Allons ! est-ce que celui-là venait lui quémander un autre souper ?

— Bonsoir, bonsoir, mon ami ! répliqua-t-il en essayant de sourire.

— Je suis venu souper, monsieur Beaudoin, et en même temps vous payer pour mon repas d’hier.

— Hein ! me payer ?…

Et alors, tout à coup, les traits d’Amable se crispèrent. Il venait de penser à la petite statue… la statuette miraculeuse ! Car, le matin, quand le docteur lui avait appris la résurrection d’Adolphe, le bossu avait de suite pensé ceci :

— Je ne serais pas étonné que c’est la bonne Sainte Vierge qui a fait ça… car c’est un miracle ! Oui, je crois que c’est la petite Vierge d’Ivoire !

Disons de suite qu’Amable, tout bossu qu’il fut, était un bon chrétien, un vrai chrétien ! Il y a des gens qui se plaisent à dire que les gens du commerce ou des affaires n’ont ni dieu ni patrie. C’est peut-être vrai : ils ont un Dieu, l’argent ; une patrie, le domaine de leurs affaires ! Mais Amable, lui, tout en ne détestant pas l’argent, aimait aussi le bon Dieu. Il aimait l’argent parce qu’il voulait établir ses enfants et ne pas les laisser gueux sur cette terre comme il avait été laissé lui. C’était tout à fait raisonnable.
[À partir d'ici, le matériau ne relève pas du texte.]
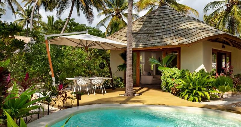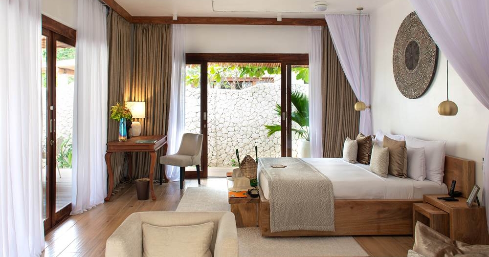 De erbjuder exklusiva villor med privat pool, rymliga uteplatser och modern inredning i zanzibariska influenser. Ett prisbelönt spa, en gourmetrestaurang med lokala och internationella rätter, samt en takbar med panoramautsikt över Indiska oceanen.

Il ne songeait pas à amasser de l’argent pour l’unique plaisir de l’entasser, ou pour se procurer, avec cette puissance folle, des plaisirs qui ne valent et ne vaudront jamais les plaisirs du foyer qu’on chérit. Quitte à passer pour un simple et pour un nigaud, Amable — et l’on peut affirmer qu’il avait raison — pensait, croyait que les seules vraies joies de ce monde, celles qui durent le plus longtemps, celles qui dilatent le mieux l’âme, celles qui, sous la pensée d’un nuage, ne s’assombrissent que légèrement pour éclater plus vives après, oui, ce sont les joies que nous donne le foyer cher !

Ensuite Amable n’allait ni penser ni prétendre que s’il avait réussi à acquérir l’aisance, c’était dû à son flair ou au truc des affaires ; non, car il ne craignait pas d’avouer qu’il devait beaucoup à la Providence. Certes, il s’était aidé ; mais aussi Dieu l’avait aidé ! N’ayant jamais triché au jeu, ayant toujours servi son Créateur, il était sûr que son bien durerait autant que lui-même et qu’il en resterait pour ses enfants. D’autres, ceux qu’on appelle les forts, ont voulu faire vite le jeu de la finance, ils ont glissé deux doigts subtils dans la bourse d’autrui, ils ont eu des jouissances effrénées, puis le nuage a passé, et ils sont tombés dans l’abîme du besoin, de la honte et du désespoir ! C’est là la différence entre l’honnête homme et le trucard !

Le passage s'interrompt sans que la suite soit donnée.